Measuring conservation requires alignment. Therefore a carefully done multiple sequence alignment (MSA) is a cornerstone for the annotation of the essential properties a gene or protein. MSAs are also useful to resolve ambiguities in the precise placement of indels and to ensure that columns in alignments actually contain amino acids that evolve in a similar context. MSAs serve as input for
- functional annotation;
- protein homology modeling;
- phylogenetic analyses, and
- sensitive homology searches in databases.
In order to perform a multiple sequence alignment, we obviously need a set of homologous sequences. This is where the trouble begins. All interpretation of MSA results depends absolutely on how the input sequences were chosen. Should we include only orthologs, or paralogs as well? Should we include only species with fully sequenced genomes, or can we tolerate that some orthologous genes are possibly missing for a species? Should we include all sequences we can lay our hands on, or should we restrict the selection to a manageable number of representative sequences?

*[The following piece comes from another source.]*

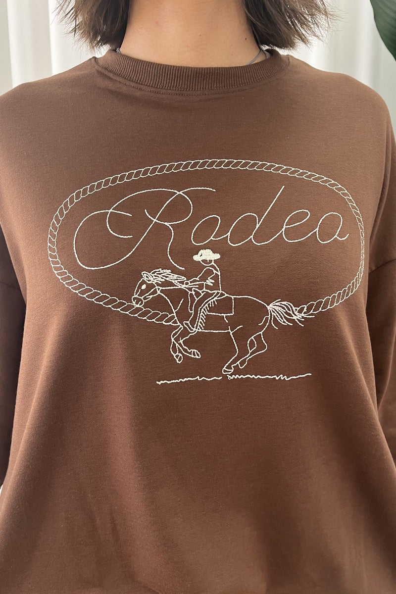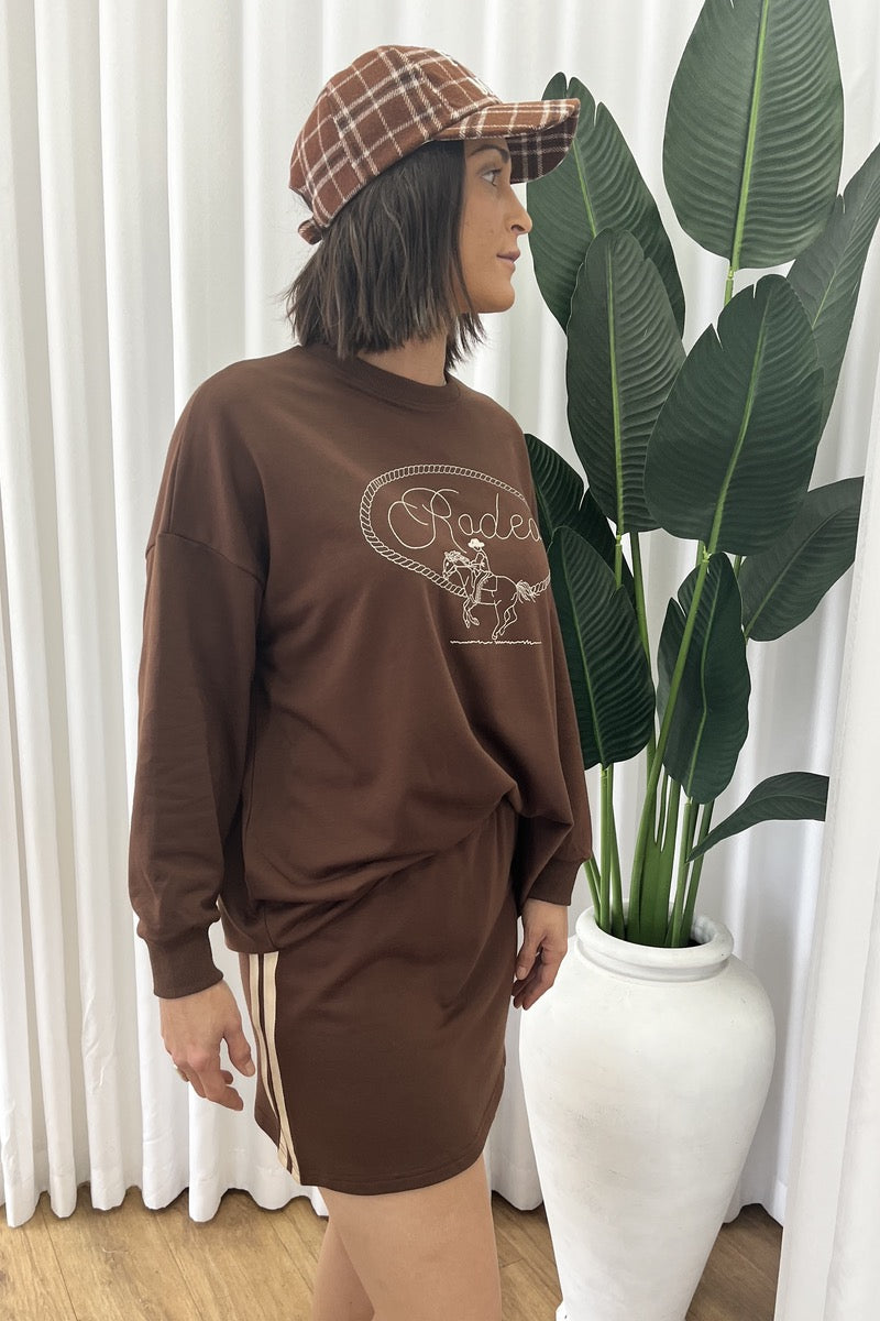 Channel casual Western vibes in the BY FRANKIE Choc Rodeo Long Sleeve Tee. Crafted from soft cotton in a rich chocolate hue, this oversized crewneck features a standout rodeo graphic with rope detailing and cowboy illustration across the chest. Designed for all-day comfort and effortless style, it’s perfect paired with denim, bike shorts, or the matching track skirt for the full Frankie look.

All of these choices influence our interpretation:
- orthologs are expected to be functionally and structurally conserved;
- paralogs may have divergent function but have similar structure;
- missing genes may make paralogs look like orthologs; and
- selection bias may weight our results toward sequences that are over-represented, and not provide a fair representation of evolutionary divergence.
In this assignment, we will set ourselves the task to use PSI-BLAST and find all orthologs and paralogs of the APSES domain containing transcription factors in YFO. We will use these sequences later for multiple alignments, calculation of conservation etc. The methodical problem we will address is: how do we perform a sensitive PSI-BLAST search in one organism. This is the issue:
- If we restrict the PSI-BLAST search to YFO, PSI-BLAST has little chance of building a meaningful profile - the number of homologues that actually are in YFO is too small. Thus the search will not become very sensitive.

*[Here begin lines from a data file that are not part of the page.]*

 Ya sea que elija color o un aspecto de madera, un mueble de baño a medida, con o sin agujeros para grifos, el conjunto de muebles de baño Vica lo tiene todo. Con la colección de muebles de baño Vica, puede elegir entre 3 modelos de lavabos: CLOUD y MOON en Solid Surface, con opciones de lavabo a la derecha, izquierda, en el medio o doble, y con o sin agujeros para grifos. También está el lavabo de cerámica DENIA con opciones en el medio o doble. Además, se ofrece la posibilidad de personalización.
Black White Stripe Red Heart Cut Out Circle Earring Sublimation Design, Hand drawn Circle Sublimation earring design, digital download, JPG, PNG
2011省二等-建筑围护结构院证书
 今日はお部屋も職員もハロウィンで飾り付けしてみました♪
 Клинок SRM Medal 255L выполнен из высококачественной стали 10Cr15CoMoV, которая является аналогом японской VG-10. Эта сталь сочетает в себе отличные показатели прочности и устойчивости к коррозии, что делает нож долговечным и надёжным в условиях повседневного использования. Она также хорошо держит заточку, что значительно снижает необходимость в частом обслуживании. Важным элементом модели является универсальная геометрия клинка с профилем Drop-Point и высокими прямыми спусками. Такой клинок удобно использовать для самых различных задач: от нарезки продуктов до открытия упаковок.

- If we search in all species, the number of hits may become too large. This is maybe not such a problem if we can restrict our search to fungi, but imagine you are working with a bacterial protein, or a protein that is conserved across the entire tree of life: your search will find thousands of sequences. And by next year, thousands more will have been added. How will you evaluate the fringe cases, where you need to decide whether to add a new sequence with marginal E-value to the profile, or whether to hold off for one or two iterations, and to see whether the E-value drops significantly - to avoid profile corruption?
Therefore we have to find a middle ground: add enough species (sequences) to compile a sensitive profile, but not so many that we can't anymore assess the sequences that contribute to the profile.
To put this into practice, the sequence search needs to address two issues before we begin:
- We need to define the sequence we are searching with; and
- We need to define the dataset we are searching in.
Defining the sequence to search with
Consider again the task we set out from: find all orthologs and paralogs of the APSES domain containing transcription factors in YFO.
Task:
What query sequence should you use? Should you ...
- Search with the full-length Mbp1 sequence from Saccharomyces cerevisiae?
- Search with the full-length Mbp1 homolog that you found in YFO?
- Search with the S. cerevisiae APSES domain sequence?
- Search with the APSES domain sequence from the YFO homolog, that you have defined by sequence alignment with the yeast protein?
- Search with the KilA-N domain sequence?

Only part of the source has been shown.